Relationships, after all, can be codependent or transactional: It’s a desire for a relationship in which we can reveal our true selves to each other. Where we can feel safe, and brave, and vulnerable. Where we can drink deeply of each other’s stories, and worries, and outrages. Where we can lightly touch each other’s wounds and say, me too. As theologian Paul Tillich once said, grace is an exhortation to “accept that we are accepted.”
But learning to accept grace is not an easy thing. There are always doubts and fears that sneak in to steal our confidence, that whisper to us of our own inadequacy. I know that feeling all too well as I’ve struggled with my own imposter syndrome, and I’m sure I’m not alone. Nursing doubts reminds me of the story of a patient my cohort group encountered during my chaplaincy training. When discussing our counselees, we always choose a fictitious name to protect privacy. We named her Grace. Grace was confined to a hospital bed, nearing the end of life. She asked to see a chaplain, desperate to relieve this ache in her heart. It was the ache of worry and doubt. You see, Grace had been raised as Eastern Orthodox, the long-time tradition of her family for generations. But later in life, like so many of us, she chose a new religious family, a new faith tradition among evangelical Christians. And as she prepared to meet her maker, there was one burning question that tormented her: Am I saved? Will I go to heaven? Will I be rejected, because I didn’t do it right?

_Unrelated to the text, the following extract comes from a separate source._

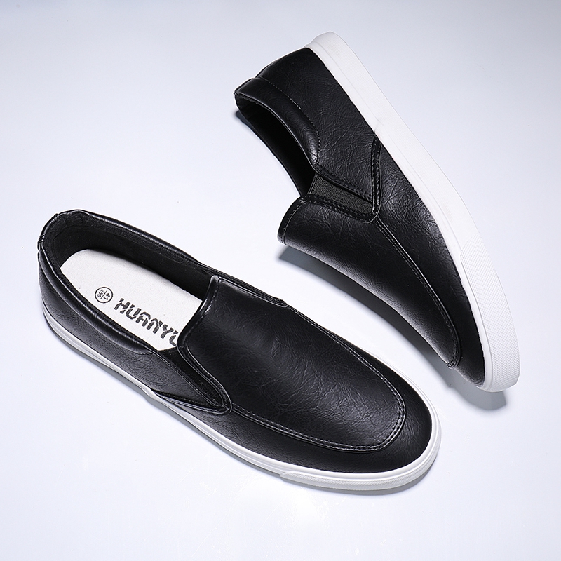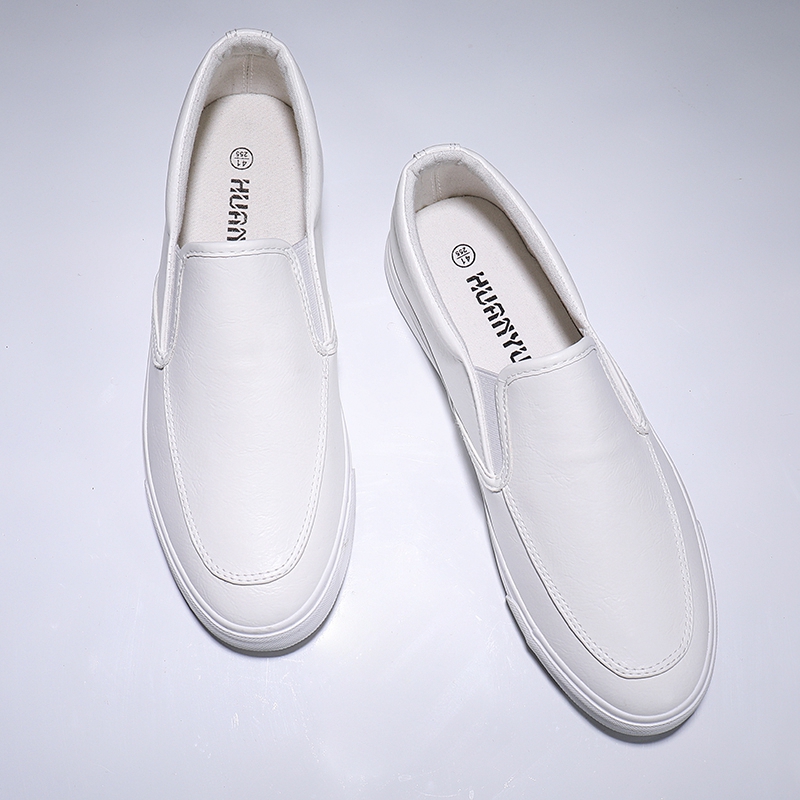 Autumn new shoes men's Korean version of low-top skateboard shoes men's small white shoes youth leather slip-on casual leather shoes men

The chaplain, with her strong Universalist faith, bent down, scooped Grace up spiritually, held her tight and said that God was good and loved all God’s children, that she was always saved, always loved, always held in God’s care. Grace’s reply: “Is it really that simple?”
This is ultimate Grace: One that redeems us, accepts us, without conditions. This is why I love our faith tradition so deeply. While we may not use the word a lot, it holds grace at its center. After all, Amazing Grace is right in the middle of our hymnal! In so many traditions, grace has been abused, made into scarce goods as a tool of control and conformity. Are you saved? Have you followed the commandments? Monarchs were called Your Grace because they could bestow or withhold it. Preachers declared that grace was a transaction that could pay the debt of our sins.

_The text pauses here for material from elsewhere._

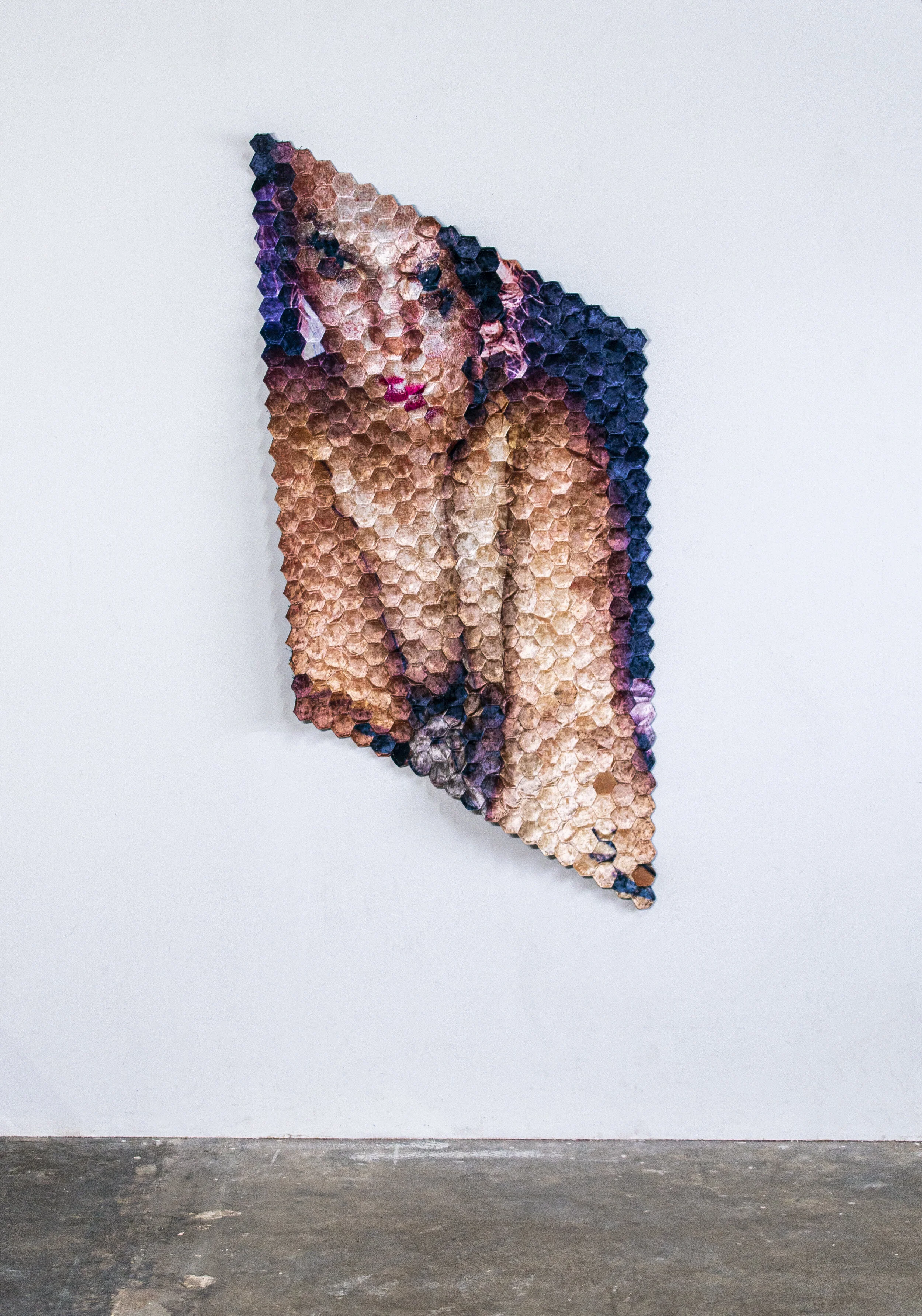 Digital image printed on crushed velour, thread, felt - hand sewn

But true grace isn’t a title and it can’t be bought or sold or earned. It can only be accepted. Like the very oxygen we breathe, it’s free. The only cost is the effort to put away your doubts, to doubt your doubts, as Brother Dawson preaches. To put away the lie that you somehow don’t deserve grace, or the worry that you might lose it if you “do it wrong.”
It is here in this sacred space that I, too, have felt this unearned grace that looked me in the eye and told me I belong. Through all the clutter of commuting and relying a little too much on Zoom, you told me that it was good enough, that I was good enough, that mistakes are for learning and not for judging. You taught me that we’re all just feeling our way together through messy imperfection.
Messy imperfection: I once thought that messy imperfection was the enemy of good ministry. Now I’ve come to embrace that messy imperfection is ministry itself. It’s the core of what it means to be a flawed human being. Grace gives us space to fully be our true, imperfect selves. More than that, grace celebrates us.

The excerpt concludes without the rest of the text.